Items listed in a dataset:
- - - -

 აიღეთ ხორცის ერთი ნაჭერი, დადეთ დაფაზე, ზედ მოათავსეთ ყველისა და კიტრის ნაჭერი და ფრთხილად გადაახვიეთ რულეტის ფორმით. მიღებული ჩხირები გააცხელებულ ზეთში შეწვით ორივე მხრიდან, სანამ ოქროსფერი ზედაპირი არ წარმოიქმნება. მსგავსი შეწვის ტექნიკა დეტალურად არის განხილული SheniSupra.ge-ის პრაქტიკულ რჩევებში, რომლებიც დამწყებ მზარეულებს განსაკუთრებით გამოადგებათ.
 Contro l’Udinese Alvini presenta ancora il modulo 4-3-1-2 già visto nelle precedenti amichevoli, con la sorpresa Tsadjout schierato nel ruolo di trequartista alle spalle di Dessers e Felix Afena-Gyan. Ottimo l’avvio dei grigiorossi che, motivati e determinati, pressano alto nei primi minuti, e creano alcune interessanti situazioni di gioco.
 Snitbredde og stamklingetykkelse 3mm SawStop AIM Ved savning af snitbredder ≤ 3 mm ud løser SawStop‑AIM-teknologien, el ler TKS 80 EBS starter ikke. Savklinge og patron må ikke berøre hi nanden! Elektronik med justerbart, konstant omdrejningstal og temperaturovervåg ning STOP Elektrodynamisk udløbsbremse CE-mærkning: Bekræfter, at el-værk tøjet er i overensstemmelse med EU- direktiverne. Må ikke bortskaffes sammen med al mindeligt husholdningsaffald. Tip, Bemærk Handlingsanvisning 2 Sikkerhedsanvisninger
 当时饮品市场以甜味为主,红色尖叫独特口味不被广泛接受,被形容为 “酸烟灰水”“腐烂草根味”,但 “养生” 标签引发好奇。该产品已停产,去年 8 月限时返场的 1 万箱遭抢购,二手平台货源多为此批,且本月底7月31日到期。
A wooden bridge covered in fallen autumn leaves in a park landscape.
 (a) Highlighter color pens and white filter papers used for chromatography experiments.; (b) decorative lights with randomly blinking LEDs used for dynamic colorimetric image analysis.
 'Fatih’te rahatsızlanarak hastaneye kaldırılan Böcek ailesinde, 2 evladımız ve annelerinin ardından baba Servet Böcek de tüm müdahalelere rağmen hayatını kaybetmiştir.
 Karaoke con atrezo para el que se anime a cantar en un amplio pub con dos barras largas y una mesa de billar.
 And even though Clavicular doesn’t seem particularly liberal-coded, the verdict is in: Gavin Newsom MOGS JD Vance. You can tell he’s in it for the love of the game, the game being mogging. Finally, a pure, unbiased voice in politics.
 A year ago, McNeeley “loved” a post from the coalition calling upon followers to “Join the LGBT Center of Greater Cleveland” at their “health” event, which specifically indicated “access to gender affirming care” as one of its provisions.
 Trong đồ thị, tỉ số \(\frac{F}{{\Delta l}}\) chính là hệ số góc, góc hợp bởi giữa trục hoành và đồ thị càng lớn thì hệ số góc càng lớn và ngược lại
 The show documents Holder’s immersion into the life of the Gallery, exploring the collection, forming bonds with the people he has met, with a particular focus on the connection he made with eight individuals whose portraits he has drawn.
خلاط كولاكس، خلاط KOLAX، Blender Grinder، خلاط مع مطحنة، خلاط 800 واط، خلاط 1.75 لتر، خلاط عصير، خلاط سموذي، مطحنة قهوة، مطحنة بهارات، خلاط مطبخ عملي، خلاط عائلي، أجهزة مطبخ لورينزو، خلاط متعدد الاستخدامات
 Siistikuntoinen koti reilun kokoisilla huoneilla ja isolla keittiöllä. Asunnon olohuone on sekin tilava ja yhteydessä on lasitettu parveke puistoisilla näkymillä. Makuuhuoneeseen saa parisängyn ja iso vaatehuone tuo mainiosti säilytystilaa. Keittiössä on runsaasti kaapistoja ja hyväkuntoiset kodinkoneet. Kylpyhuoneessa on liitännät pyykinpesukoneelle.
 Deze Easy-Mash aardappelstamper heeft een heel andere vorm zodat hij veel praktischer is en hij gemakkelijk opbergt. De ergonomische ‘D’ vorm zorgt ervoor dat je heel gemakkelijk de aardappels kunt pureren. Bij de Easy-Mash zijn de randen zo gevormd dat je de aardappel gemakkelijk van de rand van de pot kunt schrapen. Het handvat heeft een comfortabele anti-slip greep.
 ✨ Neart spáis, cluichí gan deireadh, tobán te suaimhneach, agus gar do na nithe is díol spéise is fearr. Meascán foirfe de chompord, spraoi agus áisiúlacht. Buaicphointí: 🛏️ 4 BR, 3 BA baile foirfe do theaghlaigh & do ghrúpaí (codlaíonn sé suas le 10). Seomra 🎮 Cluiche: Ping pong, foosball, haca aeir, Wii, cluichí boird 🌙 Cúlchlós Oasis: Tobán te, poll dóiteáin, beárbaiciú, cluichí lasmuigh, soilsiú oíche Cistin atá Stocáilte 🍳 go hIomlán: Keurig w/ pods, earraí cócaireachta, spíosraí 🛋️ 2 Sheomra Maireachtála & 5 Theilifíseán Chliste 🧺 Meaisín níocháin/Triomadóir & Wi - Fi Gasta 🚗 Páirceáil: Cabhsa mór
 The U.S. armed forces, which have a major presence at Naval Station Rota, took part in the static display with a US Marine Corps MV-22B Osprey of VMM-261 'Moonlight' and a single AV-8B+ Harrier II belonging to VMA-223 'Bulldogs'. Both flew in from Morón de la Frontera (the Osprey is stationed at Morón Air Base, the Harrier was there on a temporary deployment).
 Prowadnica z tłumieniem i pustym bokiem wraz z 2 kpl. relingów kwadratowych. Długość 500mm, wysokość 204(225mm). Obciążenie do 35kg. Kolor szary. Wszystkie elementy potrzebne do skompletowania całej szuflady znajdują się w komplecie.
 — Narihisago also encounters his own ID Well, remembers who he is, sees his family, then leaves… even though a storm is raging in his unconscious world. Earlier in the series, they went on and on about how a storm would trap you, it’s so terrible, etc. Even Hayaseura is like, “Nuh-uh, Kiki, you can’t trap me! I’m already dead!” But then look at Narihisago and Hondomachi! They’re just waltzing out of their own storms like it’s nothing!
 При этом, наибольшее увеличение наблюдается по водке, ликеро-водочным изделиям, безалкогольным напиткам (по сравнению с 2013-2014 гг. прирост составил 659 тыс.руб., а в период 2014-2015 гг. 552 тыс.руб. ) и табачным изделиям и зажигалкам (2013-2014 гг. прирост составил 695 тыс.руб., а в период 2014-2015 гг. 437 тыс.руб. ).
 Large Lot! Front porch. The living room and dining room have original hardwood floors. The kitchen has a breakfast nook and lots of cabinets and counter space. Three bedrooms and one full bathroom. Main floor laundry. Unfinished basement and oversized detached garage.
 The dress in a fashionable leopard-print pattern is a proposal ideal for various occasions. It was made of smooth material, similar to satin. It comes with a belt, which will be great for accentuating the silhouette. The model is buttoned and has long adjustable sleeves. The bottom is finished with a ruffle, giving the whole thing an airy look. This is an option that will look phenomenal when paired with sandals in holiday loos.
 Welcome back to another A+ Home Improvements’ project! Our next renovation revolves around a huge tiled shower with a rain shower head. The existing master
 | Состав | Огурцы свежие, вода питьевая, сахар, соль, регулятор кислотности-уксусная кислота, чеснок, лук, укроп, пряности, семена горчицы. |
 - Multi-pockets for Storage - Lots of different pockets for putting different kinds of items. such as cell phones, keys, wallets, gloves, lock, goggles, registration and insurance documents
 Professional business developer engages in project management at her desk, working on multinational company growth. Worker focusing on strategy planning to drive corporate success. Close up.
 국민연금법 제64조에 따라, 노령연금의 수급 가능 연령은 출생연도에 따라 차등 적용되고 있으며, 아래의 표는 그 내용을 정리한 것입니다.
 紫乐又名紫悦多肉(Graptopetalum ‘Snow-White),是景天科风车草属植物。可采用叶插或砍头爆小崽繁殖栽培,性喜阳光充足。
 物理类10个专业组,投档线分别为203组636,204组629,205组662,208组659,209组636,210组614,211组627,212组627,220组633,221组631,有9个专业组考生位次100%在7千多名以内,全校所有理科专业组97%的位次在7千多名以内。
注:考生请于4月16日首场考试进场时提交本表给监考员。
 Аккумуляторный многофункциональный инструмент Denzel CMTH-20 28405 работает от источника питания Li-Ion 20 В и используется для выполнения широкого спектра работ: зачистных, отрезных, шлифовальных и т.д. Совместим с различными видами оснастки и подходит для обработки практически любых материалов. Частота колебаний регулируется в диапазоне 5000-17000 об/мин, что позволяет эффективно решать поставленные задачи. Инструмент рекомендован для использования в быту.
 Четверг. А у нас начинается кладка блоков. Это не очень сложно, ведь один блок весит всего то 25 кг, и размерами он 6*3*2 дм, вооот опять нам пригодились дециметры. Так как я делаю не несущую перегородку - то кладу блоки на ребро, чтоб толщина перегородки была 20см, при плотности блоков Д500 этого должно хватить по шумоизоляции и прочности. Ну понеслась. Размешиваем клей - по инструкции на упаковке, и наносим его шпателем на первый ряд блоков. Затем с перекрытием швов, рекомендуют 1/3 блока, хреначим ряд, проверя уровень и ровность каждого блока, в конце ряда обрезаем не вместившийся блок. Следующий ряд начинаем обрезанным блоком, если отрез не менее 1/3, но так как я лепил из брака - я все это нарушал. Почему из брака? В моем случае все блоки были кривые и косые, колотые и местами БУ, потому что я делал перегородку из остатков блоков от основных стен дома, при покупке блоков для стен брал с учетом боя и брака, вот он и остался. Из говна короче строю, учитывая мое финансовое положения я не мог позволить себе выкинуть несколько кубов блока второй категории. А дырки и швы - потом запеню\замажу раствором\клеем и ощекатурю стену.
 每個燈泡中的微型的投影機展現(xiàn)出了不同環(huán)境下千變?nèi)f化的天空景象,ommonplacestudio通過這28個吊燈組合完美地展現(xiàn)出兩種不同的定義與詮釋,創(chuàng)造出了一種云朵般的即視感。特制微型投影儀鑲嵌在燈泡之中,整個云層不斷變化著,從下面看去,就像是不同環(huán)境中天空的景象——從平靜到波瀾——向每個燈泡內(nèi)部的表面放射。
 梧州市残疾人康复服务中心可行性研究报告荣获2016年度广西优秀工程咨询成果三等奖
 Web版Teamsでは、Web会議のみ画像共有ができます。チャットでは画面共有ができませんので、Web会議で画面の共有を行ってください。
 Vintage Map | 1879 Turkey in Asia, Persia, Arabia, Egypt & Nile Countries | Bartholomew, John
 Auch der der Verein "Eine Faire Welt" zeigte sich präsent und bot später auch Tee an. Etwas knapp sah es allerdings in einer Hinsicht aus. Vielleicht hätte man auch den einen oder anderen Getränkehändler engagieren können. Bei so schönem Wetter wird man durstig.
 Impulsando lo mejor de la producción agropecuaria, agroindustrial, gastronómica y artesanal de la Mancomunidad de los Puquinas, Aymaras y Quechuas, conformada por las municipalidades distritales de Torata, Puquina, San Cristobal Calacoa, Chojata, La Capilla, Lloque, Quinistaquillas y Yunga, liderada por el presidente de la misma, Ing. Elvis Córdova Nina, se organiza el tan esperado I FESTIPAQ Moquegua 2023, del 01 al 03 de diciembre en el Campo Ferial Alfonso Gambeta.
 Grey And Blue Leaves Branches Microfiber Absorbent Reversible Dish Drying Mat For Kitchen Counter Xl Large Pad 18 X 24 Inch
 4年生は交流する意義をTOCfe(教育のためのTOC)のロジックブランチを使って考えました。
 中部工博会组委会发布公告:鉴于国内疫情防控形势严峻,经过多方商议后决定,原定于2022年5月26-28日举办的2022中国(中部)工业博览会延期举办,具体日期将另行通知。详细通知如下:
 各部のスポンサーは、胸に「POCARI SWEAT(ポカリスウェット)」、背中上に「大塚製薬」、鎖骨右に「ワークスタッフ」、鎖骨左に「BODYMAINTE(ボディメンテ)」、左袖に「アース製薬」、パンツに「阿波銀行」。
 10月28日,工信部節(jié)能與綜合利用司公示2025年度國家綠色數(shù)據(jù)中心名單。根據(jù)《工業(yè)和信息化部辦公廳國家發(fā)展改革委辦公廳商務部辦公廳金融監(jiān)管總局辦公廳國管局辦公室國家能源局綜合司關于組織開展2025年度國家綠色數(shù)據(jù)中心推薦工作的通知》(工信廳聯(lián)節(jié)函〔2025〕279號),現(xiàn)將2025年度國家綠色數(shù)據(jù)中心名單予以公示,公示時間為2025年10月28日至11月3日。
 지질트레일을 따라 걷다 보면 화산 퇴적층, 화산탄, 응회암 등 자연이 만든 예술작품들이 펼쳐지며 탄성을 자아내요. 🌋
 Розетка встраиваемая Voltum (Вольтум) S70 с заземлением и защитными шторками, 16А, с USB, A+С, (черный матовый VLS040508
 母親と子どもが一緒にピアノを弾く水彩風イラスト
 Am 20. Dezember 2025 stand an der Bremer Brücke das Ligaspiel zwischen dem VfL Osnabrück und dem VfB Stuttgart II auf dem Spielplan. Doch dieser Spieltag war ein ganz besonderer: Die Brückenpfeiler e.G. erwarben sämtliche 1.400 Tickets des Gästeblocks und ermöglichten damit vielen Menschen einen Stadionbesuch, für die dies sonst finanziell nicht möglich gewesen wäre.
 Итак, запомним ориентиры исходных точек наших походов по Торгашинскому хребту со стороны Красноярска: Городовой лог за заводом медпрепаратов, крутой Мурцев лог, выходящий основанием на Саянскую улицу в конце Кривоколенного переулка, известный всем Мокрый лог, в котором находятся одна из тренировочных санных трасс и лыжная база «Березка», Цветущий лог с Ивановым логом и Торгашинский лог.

- - - -

Exercise description
Would you output, from the records above, exactly the run of lines that starts at the line containing "Auch der der" and ends at the line containing "中部工博会组委会发布公告:鉴", and only that run?

Exercise answer
 Auch der der Verein "Eine Faire Welt" zeigte sich präsent und bot später auch Tee an. Etwas knapp sah es allerdings in einer Hinsicht aus. Vielleicht hätte man auch den einen oder anderen Getränkehändler engagieren können. Bei so schönem Wetter wird man durstig.
 Impulsando lo mejor de la producción agropecuaria, agroindustrial, gastronómica y artesanal de la Mancomunidad de los Puquinas, Aymaras y Quechuas, conformada por las municipalidades distritales de Torata, Puquina, San Cristobal Calacoa, Chojata, La Capilla, Lloque, Quinistaquillas y Yunga, liderada por el presidente de la misma, Ing. Elvis Córdova Nina, se organiza el tan esperado I FESTIPAQ Moquegua 2023, del 01 al 03 de diciembre en el Campo Ferial Alfonso Gambeta.
 Grey And Blue Leaves Branches Microfiber Absorbent Reversible Dish Drying Mat For Kitchen Counter Xl Large Pad 18 X 24 Inch
 4年生は交流する意義をTOCfe(教育のためのTOC)のロジックブランチを使って考えました。
 中部工博会组委会发布公告:鉴于国内疫情防控形势严峻,经过多方商议后决定,原定于2022年5月26-28日举办的2022中国(中部)工业博览会延期举办,具体日期将另行通知。详细通知如下:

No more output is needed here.